On Tue, Mar 19, 2024 at 04:53:04PM +0700, John Naylor wrote:
> On Tue, Mar 19, 2024 at 10:16 AM Nathan Bossart
> <[email protected]> wrote:
>> 0002 does the opposite of this. That is, after we've completed as many
>> blocks as possible, we move the iterator variable back to "end -
>> block_size" and do one final iteration to cover all the remaining elements.
>
> Sounds similar in principle, but it looks really complicated. I don't
> think the additional loops and branches are a good way to go, either
> for readability or for branch prediction. My sketch has one branch for
> which loop to do, and then performs only one loop.
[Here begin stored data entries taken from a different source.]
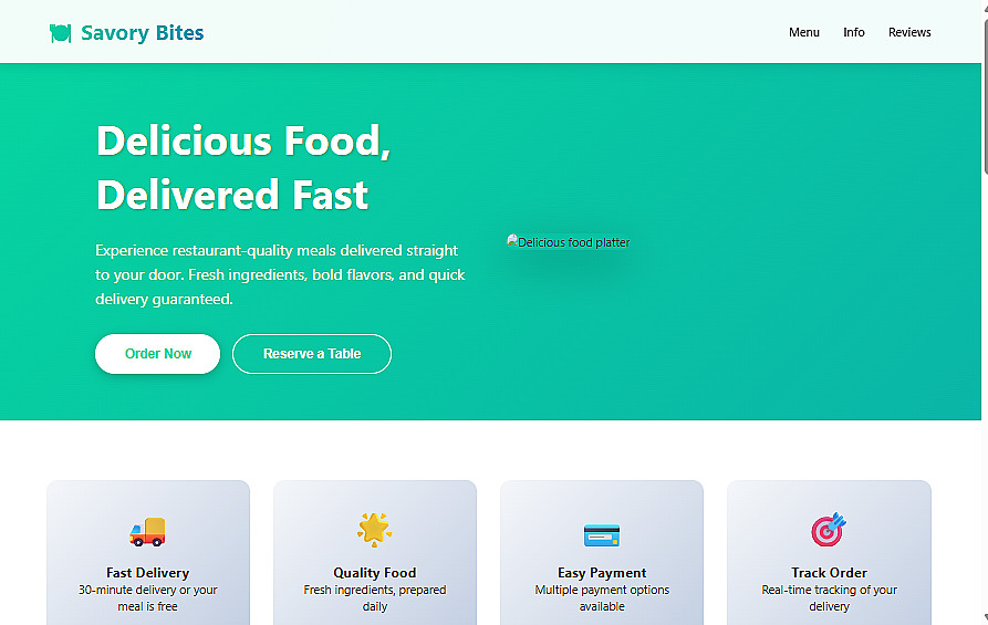 أقدم لك خدمة تصميم صفحة هبوط احترافية لمطعم، كافيه، أو خدمة توصيل، بهدف عرض قائمة الطعام بطريقة جذابة وتحفيز العملاء على الطلب أو الحجز.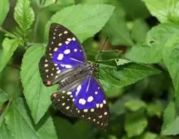 大紫蛱蝶为大型蝶种,翅展约86~110mm。翅紫黑色,有白色斑点点缀其中,雄蝶的翅具强烈紫色虹彩,…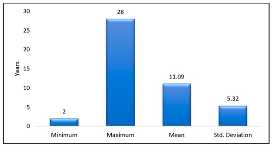 The industry experience of the respondents ranged from a minimum of 2 years to a maximum of 28 years. The mean value was calculated at 11.09 years, with a standard deviation of 5.320 years, as indicated in Figure 2 below.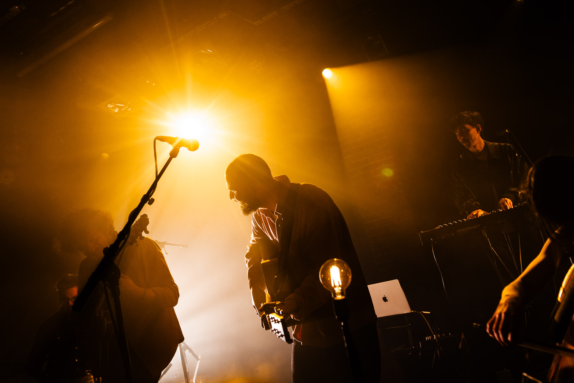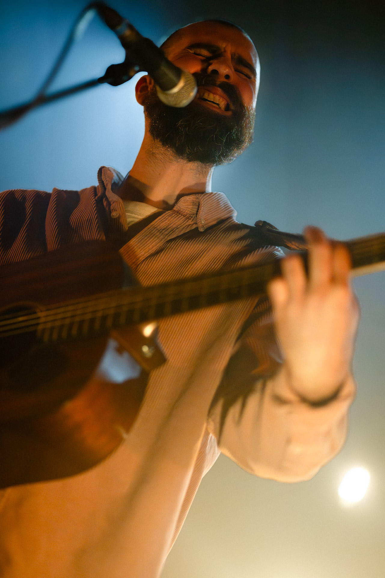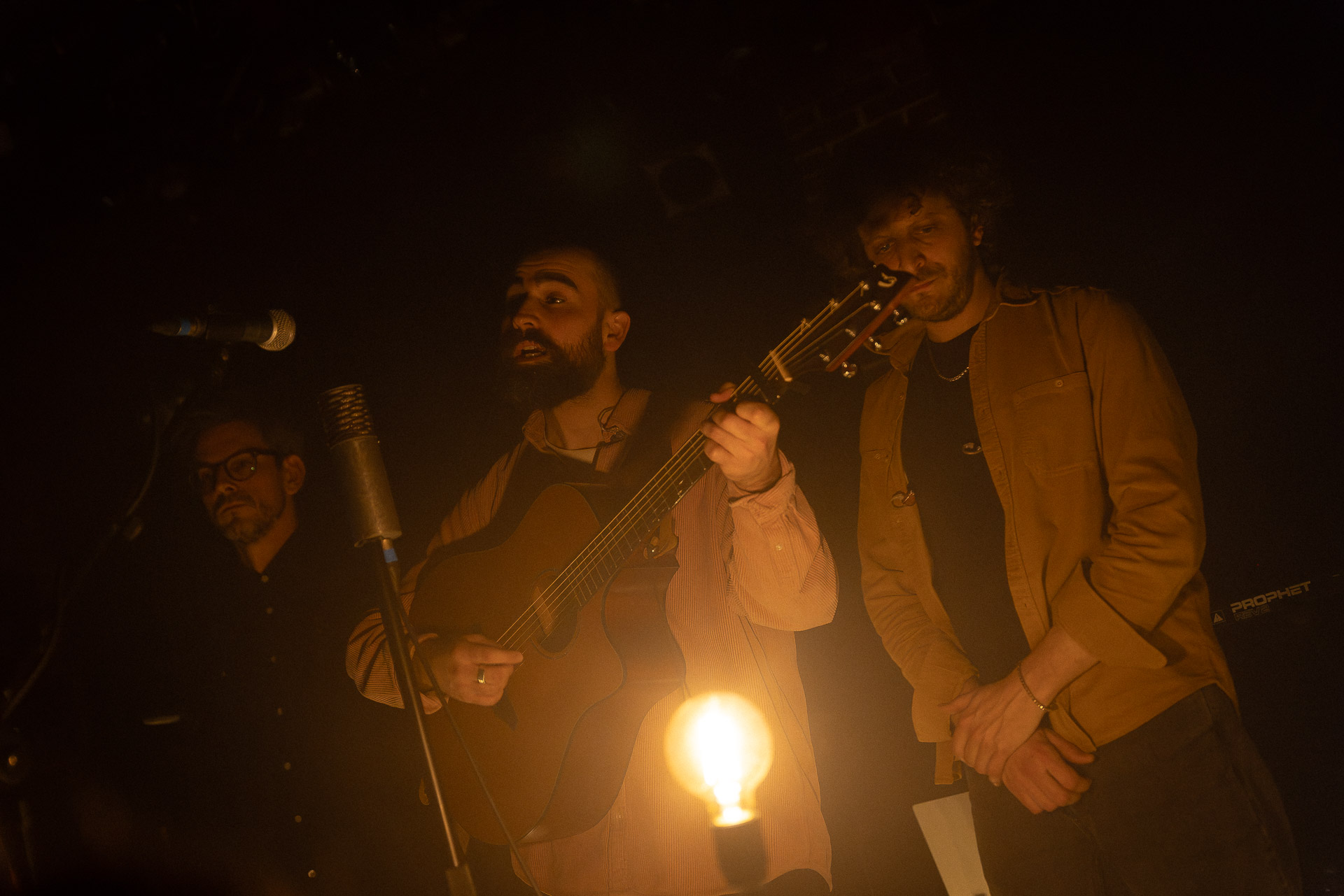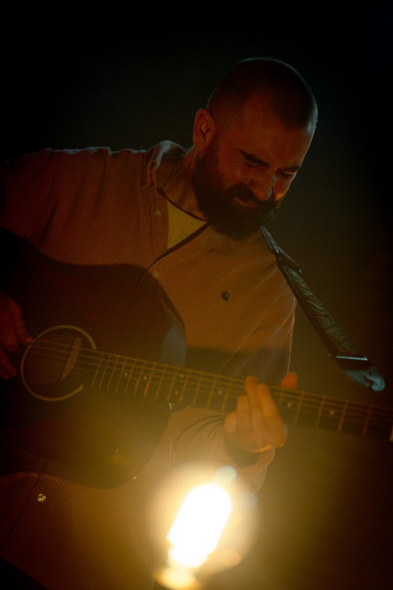 Ca commence avec la Maroquinerie dans le noir complet, et une simple ampoule qui vient éclairer progressivement la silhouette puis la barbe si reconnaissable de Hugo Barriol. Il débute ce concert seul avec sa guitare acoustique. Une entrée en matière intimiste qui laisse toute la place à la chaleur et l’émotion dans la voix de Hugo mais il est vite rejoint par ses musiciens : à la batterie et à la guitare on retrouve les complices habituels : Antoine Kerninon et Diego Lipnizky, plus un nouveau (pour nous en tout cas) aux cuivres et au clavier Ossian Macary. On sent que tout ce petit monde a l’habitude de jouer ensemble et le groupe apporte une surplus d’énergie, des couleurs supplémentaires qui font que si la musique reste folk, les ambiances et les intensités changent, avec des moments tout en retenu focalisées sur la voix et des parties instrumentales où tout le monde peut se lâcher un peu plus.

Let's do the
> simplest thing that could work. (I think we might need a helper
> function to do the block, but the rest should be easy)
I tried to trim some of the branches, and came up with the attached patch.
I don't think this is exactly what you were suggesting, but I think it's
relatively close. My testing showed decent benefits from using 2 vectors
when there aren't enough elements for 4, so I've tried to keep that part
intact. This changes pg_lfind32() to something like:
if not many elements
process one by one
while enough elements for 4 registers remain
process with 4 registers
if no elements remain
return false
if more than 2-registers-worth of elements remain
do one iteration with 2 registers
do another iteration on last 2-registers-worth of elements
--
Nathan Bossart
Amazon Web Services: https://aws.amazon.com
diff --git a/src/include/port/pg_lfind.h b/src/include/port/pg_lfind.h
index b8dfa66eef..d154b61555 100644
--- a/src/include/port/pg_lfind.h
+++ b/src/include/port/pg_lfind.h
@@ -80,6 +80,34 @@ pg_lfind8_le(uint8 key, uint8 *base, uint32 nelem)
return false;
}
+static inline bool
+lfind32_2reg_helper(const Vector32 keys, uint32 *base)
+{
+ const uint32 nelem_per_vector = sizeof(Vector32) / sizeof(uint32);
+ Vector32 vals1,
+ vals2,
+ result1,
+ result2,
+ result;
+
+ /* load the next block into 2 registers */
+ vector32_load(&vals1, base);
+ vector32_load(&vals2, &base[nelem_per_vector]);
+
+ /* compare each value to the key */
+ result1 = vector32_eq(keys, vals1);
+ result2 = vector32_eq(keys, vals2);
+
+ /* combine the results into a single variable */
+ result = vector32_or(result1, result2);
+
+ /* see if there was a match */
+ if (vector32_is_highbit_set(result))
+ return true;
+
+ return false;
+}
+
/*
* pg_lfind32
*
@@ -100,7 +128,8 @@ pg_lfind32(uint32 key, uint32 *base, uint32 nelem)
*/
const Vector32 keys = vector32_broadcast(key); /* load copies of key */
const uint32 nelem_per_vector = sizeof(Vector32) / sizeof(uint32);
- const uint32 nelem_per_iteration = 4 * nelem_per_vector;
+ uint32 nelem_per_iteration = 4 * nelem_per_vector;
+ uint32 remaining;
/* round down to multiple of elements per iteration */
const uint32 tail_idx = nelem & ~(nelem_per_iteration - 1);
@@ -119,6 +148,9 @@ pg_lfind32(uint32 key, uint32 *base, uint32 nelem)
}
#endif
+ if (nelem < nelem_per_vector * 2)
+ goto slow_path;
+
for (i = 0; i < tail_idx; i += nelem_per_iteration)
{
Vector32 vals1,
@@ -157,8 +189,21 @@ pg_lfind32(uint32 key, uint32 *base, uint32 nelem)
return true;
}
}
+
+ nelem_per_iteration = 2 * nelem_per_vector;
+ remaining = nelem - i;
+
+ if (remaining == 0)
+ return false;
+
+ if (remaining > nelem_per_iteration &&
+ lfind32_2reg_helper(keys, &base[i]))
+ return true;
+
+ return lfind32_2reg_helper(keys, &base[nelem - nelem_per_iteration]);
#endif /* ! USE_NO_SIMD */
+slow_path:
/* Process the remaining elements one at a time. */
for (; i < nelem; i++)
{